The country launched a new government this month after 2019 protests sparked last year’s general election, but far from changing it, it remains corrupt.
Iraqi leader Muqtada al-Sadr’s party came out stronger than the 2018 election and won the October 2021 general election. But it took a year for the country to form a government. And despite the victory, the Sadrists played no role in the election of Iraq’s new president and prime minister last week.
The disappointing resignation of the winning party signifies the new government’s lack of legitimacy, which bodes well for the future security of Iraq, which has been unstable in the two decades since the 2003 invasion.
Last year’s election was held in October 2019, calling for a protest against government corruption and deep-rooted ethno-sectarian patronage. The new government is a continuation and triumph of an ethnic sect elite that must mitigate interrelated economic, environmental and international crises.
The Tishrin movement, launched in October 2019, denounced corruption, unemployment and unreliable services such as water and electricity to the country’s elite. The protests led to the resignation of Prime Minister Adel Abdul Mahdi in December 2019 and the establishment of a caretaker government until 3,200 candidates ran for 329 parliamentary seats until elections in October. The low turnout of 41% reflected public indifference.
The Sadrist Bloc won 73 out of 54 three years ago. They won because of effective mobilization and organization, including mobile apps that provide voters with information about the names of candidates sitting in their constituencies, the nearest polling place and the documents needed to vote.
In the Arab Sunnis, Mohammed al-Halbush, who leads the Progressive Alliance, came second with 38 seats. Meanwhile, in the area around Erbil, the Kurdish Democratic Party, led by Masoud Barzani, secured 32 seats and allied with the Sadrists to help them play a key role in forming a new government.

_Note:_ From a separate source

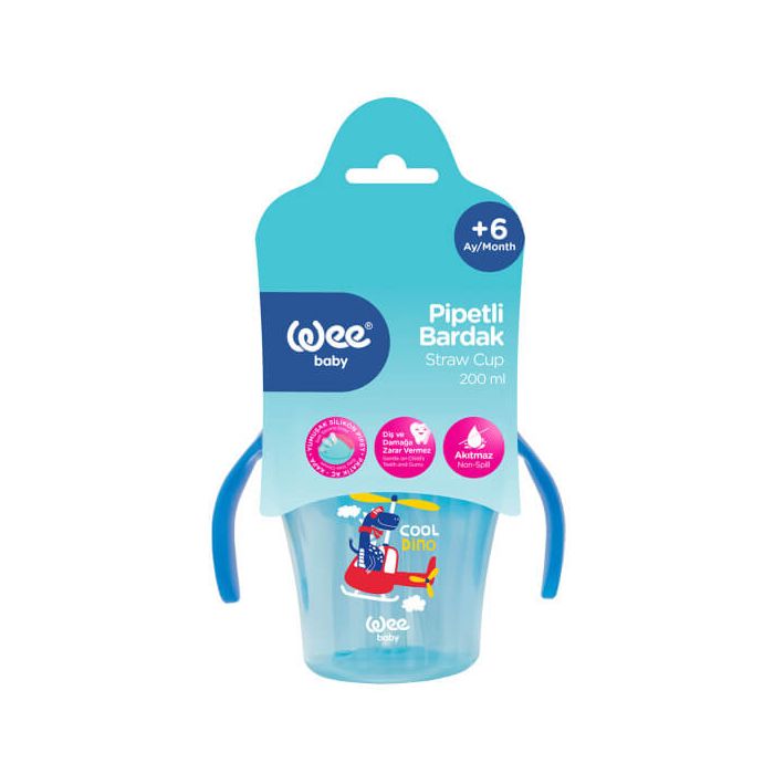 WEE BABY Straw Cup е специална неразливаща се чаша със сламка, подходящa за бебета над 6 месеца. Има лек и удобен дизайн, предназначен за предотвратяване на разливане и пръски. Сламката на чашата е изработена от мек, гъвкав и безопасен силикон, който създава оптимален комфорт при употреба. Меката сламка е съвместима с чувствителната тъкан на устата и небцето на бебето. Върхът й е специално изработен, за да не капе и да не разлива вода. Уи Бейби Чаша със сламка и дръжки има силиконова основа, която предпазва от преплъзване. Капачето на чашата е специално проектирано за използване от бебета, за да могат те лесно да го хващат и движат. Сламката е силиконова и гъвкава. Извитите дръжки са идеални за лесно хващане от бебето. Силициевото покритие в долната част позволява на чашата да стои стабилно. Без BPA, произведен по стандартите на FDA.

Among the losers was Hadi al-Amiri’s “conquest” coalition, which narrowed the list of candidates for the Iran-backed Iraqi army to 14 seats, less than a third of what it won in 2018. Rule of Law Coalition of former Prime Minister Nouri al-Maliki came third overall with 37 seats, but failed to form a coalition with the THAAD list due to historical hostility. The Sadrists, Progress and Kurdish Democrats have a total of 143 seats, but still fall short of a majority.
In the past, Shiite factions held ministerial positions based on election results. With Sadr’s allies failing to win a majority, he was expected to hand over a cabinet post to counter the Shiite faction, but forced the government to oust Maliki and the Iran-linked faction and form the opposition.
Joining forces with several other groups in a new faction known as the Coordination Circle, Amiri and Maliki blocked Sadrist attempts to form a government. This summer, Sadr ordered his candidates to resign from parliament, tipping the balance in favor of his rivals.
These issues mainly led to the October 2019 protests that triggered early elections in October 2021. The past three years, October 3, have completely changed the face of Iraqi politics.